[[ Study material, beginning ]]
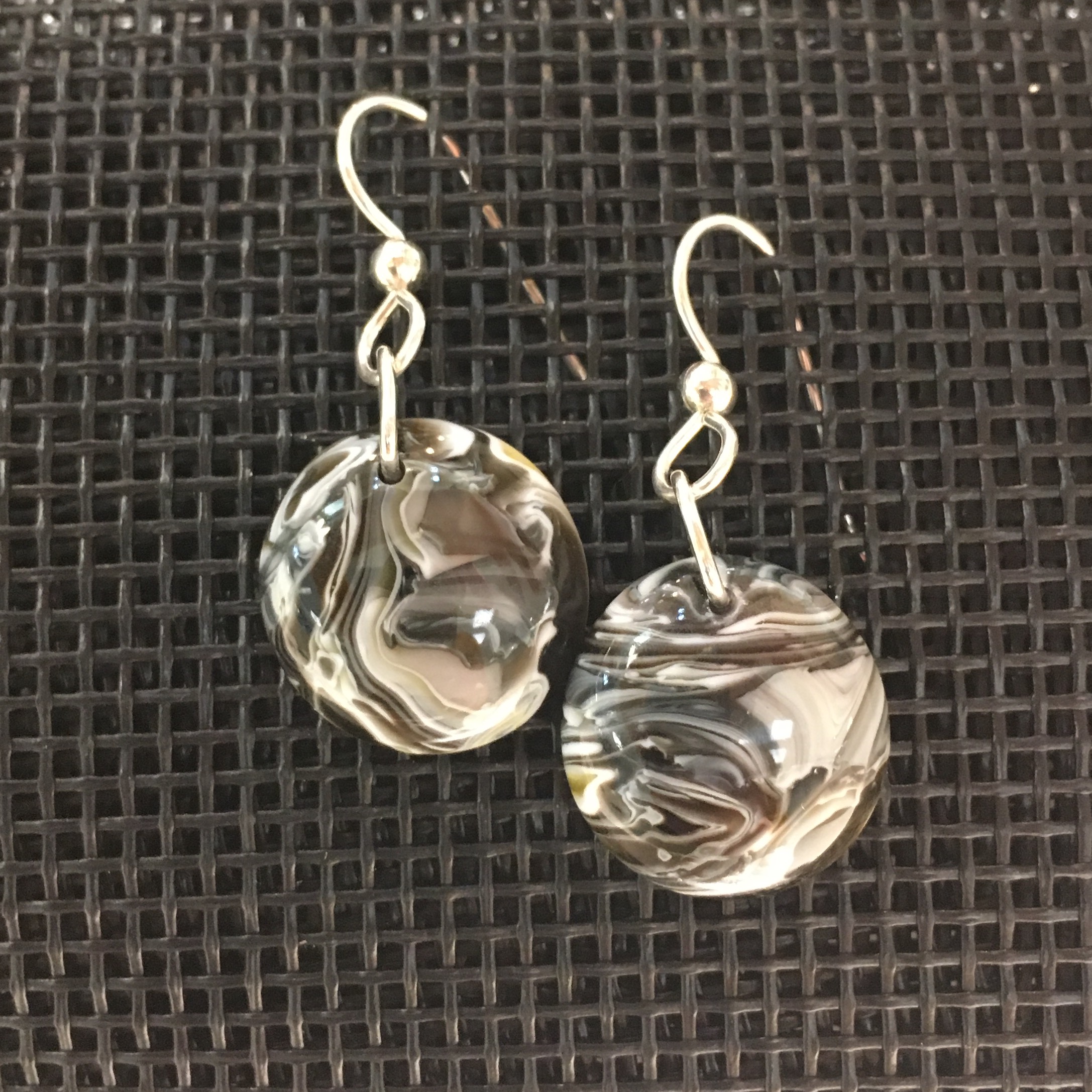Black and white swirls match everything! Earwires and all other metal findings are sterling silver.
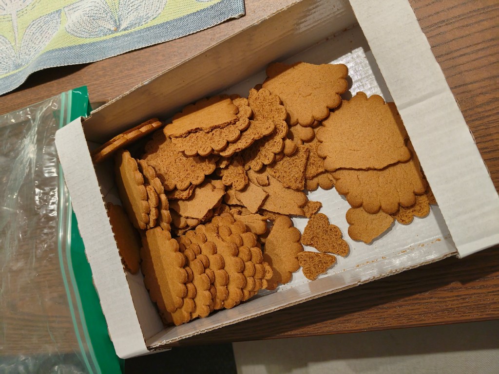 Inte ofta man skulle betala 45 spänn för en halv låda tjocka och smått trasiga pepparkakor. Men nöden har ibland ingen lag, det var ändå pepparkakor med rätt doft och okej smak. Nu har jag i alla fall motivation att lära mig hur man gör egen deg från grunden.
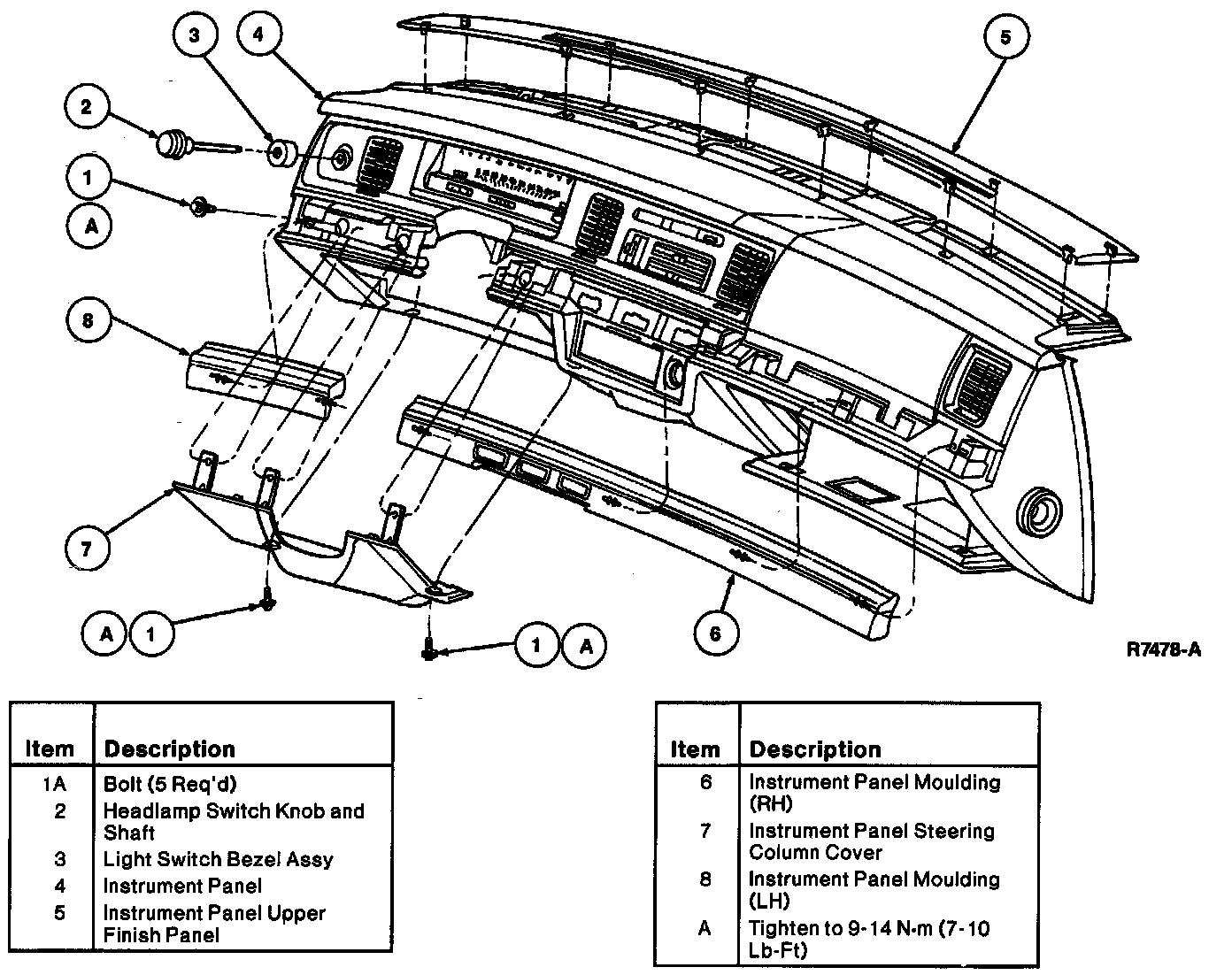 6. Remove two bolts and instrument panel reinforcement from under steering column tube.
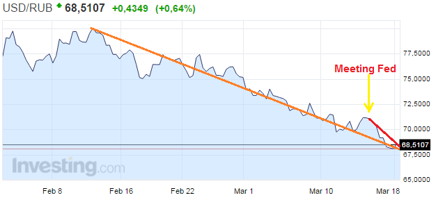 Il rublo è scambiato a 68,51 contro il dollaro, rispetto a 71 di mercoledì scorso. Questo è il più forte apprezzamento
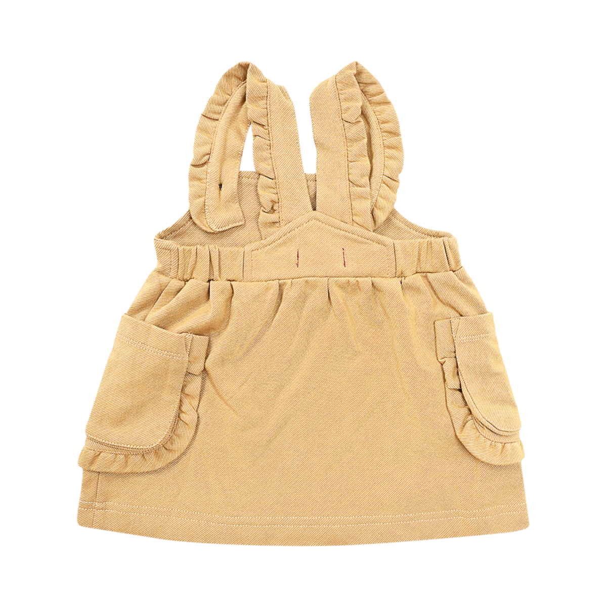 Excellent worn condition. Ruffled shoulder straps. Button front detail. Gathered waist. Ruffle-trim cargo-style pockets.
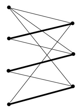 Figure 1.1. By giving a first color to the edges of the maximum matching shown in bold, it will not be possible to have a Δ-coloring of this bipartite graph of maximum degree 3 (because of the degree 3 vertex on the upper left).
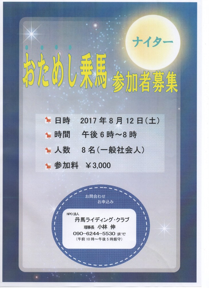 8/12 (土) 夏のおためしナイター乗馬会 18:30~ 定員8名 ¥3,000.-
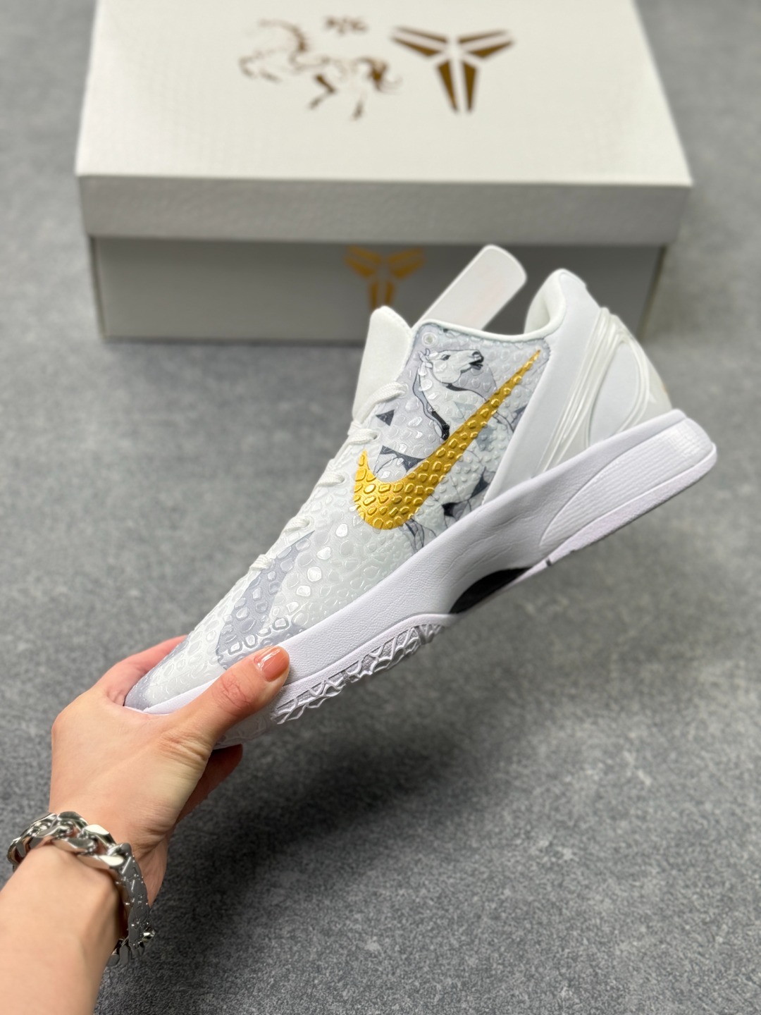 科比6代马年限量款鞋是耐克为庆祝中国农历马年特别推出的纪念版本 以科比 布莱恩特第六代签名战靴为基础设计 鞋身采用中国传统红色与金色搭配 融入马年元素如生肖图腾 祥云纹样等细节 鞋舌或后跟常带有专属 马 字标识 该鞋款兼具高性能篮球科技与文化收藏价值 全球限量发售 深受球鞋爱好者与科比粉丝追捧 成为运动鞋文化与生肖主题跨界结合的经典之作
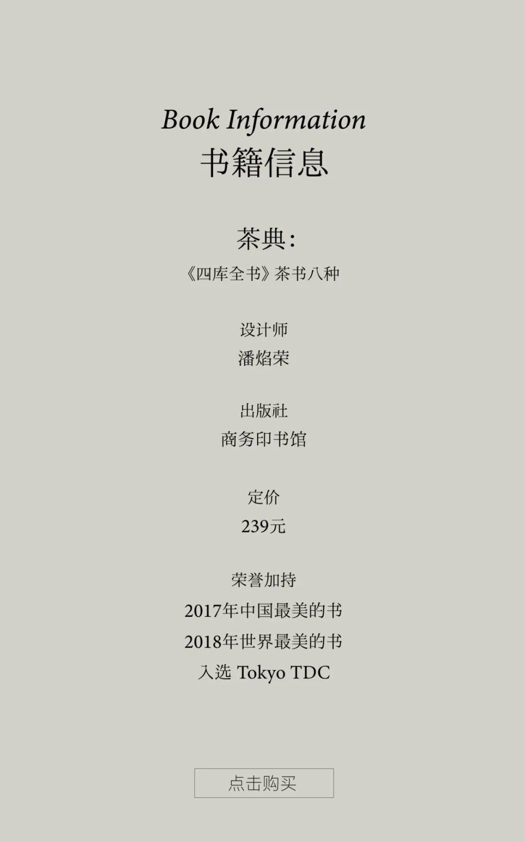 这本看似没有经过设计的书,却在每一个阅读细节上都做足了功课。设计师潘焰荣回忆道,“我接到这本书的时候,出版社的内容文本是《钦定四库全书》的内容。如果我们用过多的技巧或者设计的痕迹,来表达中国博大精神的茶文化,是不合适的。” 他说这话时,想到的是庄子 “朴素而天下莫能与之争美”,于是给这本书定下基调:不露声色,却让每个细节都成为茶文化的注脚。
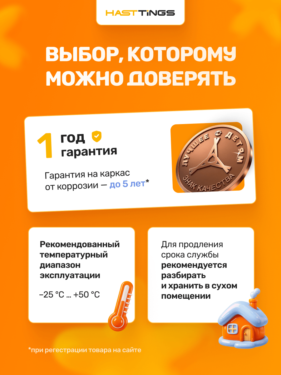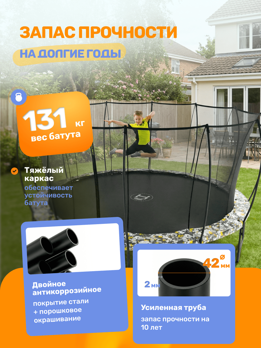 | Каркас батута | Гальванизированная сталь, ⌀38 х 1,5 мм / Гальванизированная сталь, ⌀42 х 2,0 мм | |
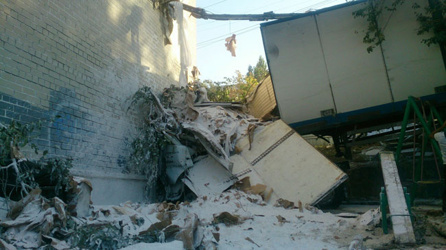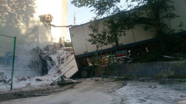 В Саратове водитель фуры разбился, протаранив многоквартирный дом
[[ Study material, end ]]
* Instructions for the task
Since the pictures don't belong in the copy, copy only the rest of the entries above exactly.

* Answer section
Black and white swirls match everything! Earwires and all other metal findings are sterling silver.
 Inte ofta man skulle betala 45 spänn för en halv låda tjocka och smått trasiga pepparkakor. Men nöden har ibland ingen lag, det var ändå pepparkakor med rätt doft och okej smak. Nu har jag i alla fall motivation att lära mig hur man gör egen deg från grunden.
 6. Remove two bolts and instrument panel reinforcement from under steering column tube.
 Il rublo è scambiato a 68,51 contro il dollaro, rispetto a 71 di mercoledì scorso. Questo è il più forte apprezzamento
 Excellent worn condition. Ruffled shoulder straps. Button front detail. Gathered waist. Ruffle-trim cargo-style pockets.
 Figure 1.1. By giving a first color to the edges of the maximum matching shown in bold, it will not be possible to have a Δ-coloring of this bipartite graph of maximum degree 3 (because of the degree 3 vertex on the upper left).
 8/12 (土) 夏のおためしナイター乗馬会 18:30~ 定員8名 ¥3,000.-
 科比6代马年限量款鞋是耐克为庆祝中国农历马年特别推出的纪念版本 以科比 布莱恩特第六代签名战靴为基础设计 鞋身采用中国传统红色与金色搭配 融入马年元素如生肖图腾 祥云纹样等细节 鞋舌或后跟常带有专属 马 字标识 该鞋款兼具高性能篮球科技与文化收藏价值 全球限量发售 深受球鞋爱好者与科比粉丝追捧 成为运动鞋文化与生肖主题跨界结合的经典之作
 这本看似没有经过设计的书,却在每一个阅读细节上都做足了功课。设计师潘焰荣回忆道,“我接到这本书的时候,出版社的内容文本是《钦定四库全书》的内容。如果我们用过多的技巧或者设计的痕迹,来表达中国博大精神的茶文化,是不合适的。” 他说这话时,想到的是庄子 “朴素而天下莫能与之争美”,于是给这本书定下基调:不露声色,却让每个细节都成为茶文化的注脚。
 | Каркас батута | Гальванизированная сталь, ⌀38 х 1,5 мм / Гальванизированная сталь, ⌀42 х 2,0 мм | |
 В Саратове водитель фуры разбился, протаранив многоквартирный дом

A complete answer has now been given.